Geospatial Analytics Using Presto and Hive
Modelling geospatial data has quite many complexities. Well, Known Texts are used to model different locations on the map. Various types like point and polygon shapes are used for these purposes. The Hive Spatial Library is used for spatial processing in the Hive with User-Defined Functions and SerDes. Through allowing this library in Hive, queries may be created using the Hive Query Language (HQL), which is somewhat close to SQL. You will, therefore, stop complex MapReduce algorithms and stick to a more common workflow.

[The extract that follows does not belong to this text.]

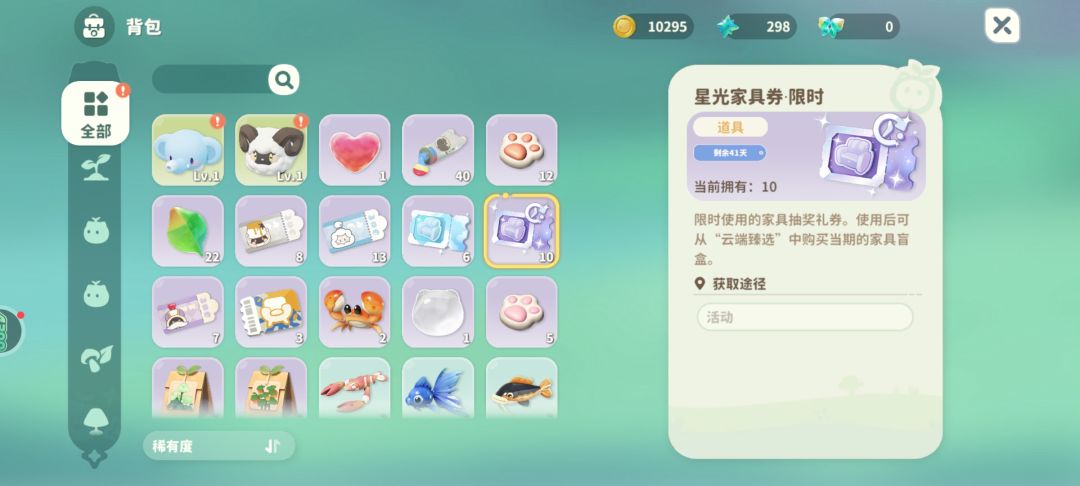 抽奖券问题,不管是限时还是不限时都会出现在背包,限时的能看到时间倒计时,对于这种一个池子四十多天或者一个月的情况,不限时道具应该下一期也是能用的,因为也就三个池子,时装池子,星光家具池子,普通池子,普通和星光家具应该是固定了的,时装池子可能会变。 就算会变,道具应该也会回收变成晶石,会有邮件通知的,正常游戏都这样。 鱼类特征问题,大地图点击鱼图标就会显示追踪界面,鱼是分白天黑夜的,听游戏里人说,白

Presto GeoSpatial plugin is running in production at Uber. All GeoSpatial traffic at Uber, more than 90% of it is completed within 5 minutes. Compared with brute force Hive MapReduce execution, Uber’s Presto Geospatial Plugin is more than 50X faster, leading to greater efficiency.
Summing up – Geospatial Analytics Using Presto and Hive
Presto has the edge over Hive as it can be used to process unstructured data too, and query processing in Presto is faster than that in Hive.